Selectively decreased expression of peroxiredoxins induced by silica in pulmonary epithelial cells

Abstract

Background/aims: Peroxiredoxin (Prx) belongs to a ubiquitous family of antioxidant enzymes that regulates many cellular processes through intracellular oxidative signal transduction pathways. Silica-induced lung damage involves reactive oxygen species (ROS) that trigger subsequent toxic effects and inflammatory responses in alveolar epithelial cells resulting in fibrosis. Therefore, we investigated the role of Prx in the development of lung oxidant injury caused by silicosis, and determined the implication of ROS in that process.

Methods: Lung epithelial cell lines A549 and WI26 were treated with 1% silica for 0, 24, or 48 hours, following pretreatment of the A549 cells with N-acetyl-L-cysteine and diphenylene iodonium and no pretreatment of the WI26 cells.
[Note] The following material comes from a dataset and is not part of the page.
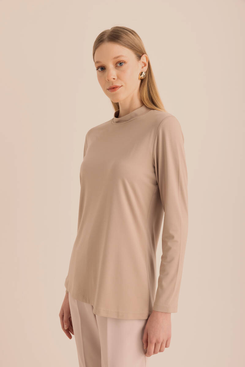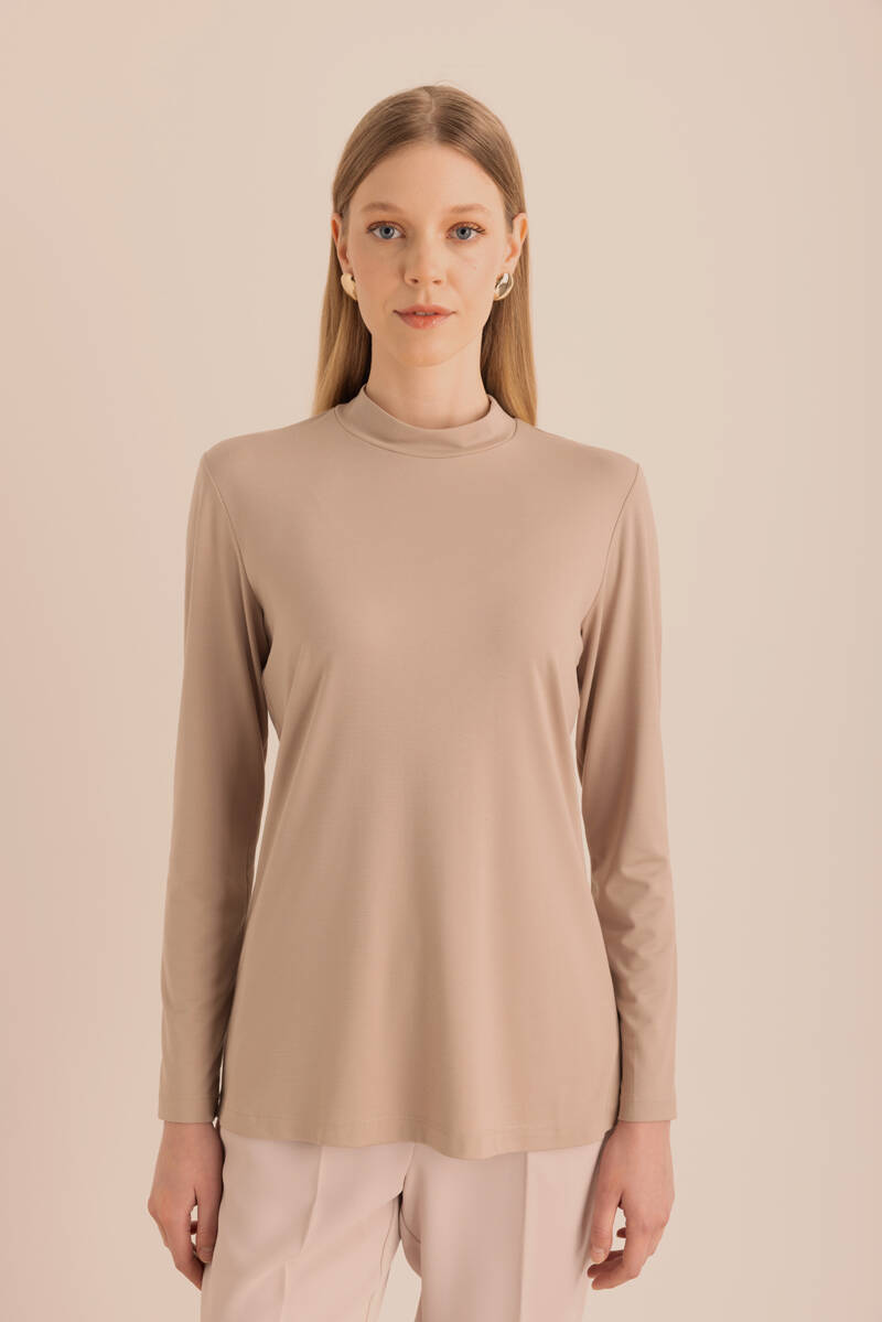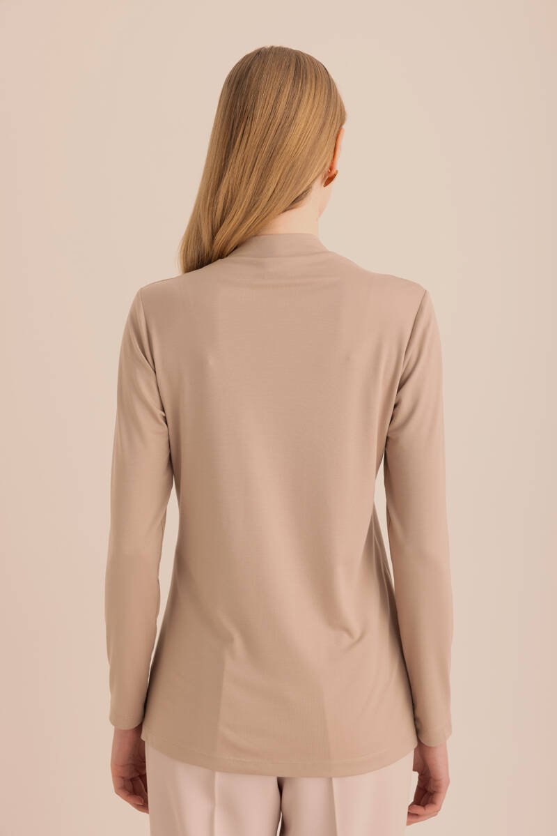 Ekru Kol Ucu Dikiş Detaylı Viscon Tunik

We transfected an HA-ubiquitin construct into the A549 cell line and then analyzed the cells via Western blotting and co-immunoprecipitation.

Results: Silica treatment induced cell death in the A549 lung epithelial cell line and selectively degraded Prx I without impairing protein synthesis in the A549 cells, even when the ROS effect was blocked chemically by N-acetyl-L-cysteine. A co-immunoprecipitation study revealed that Prx I did not undergo ubiquitination.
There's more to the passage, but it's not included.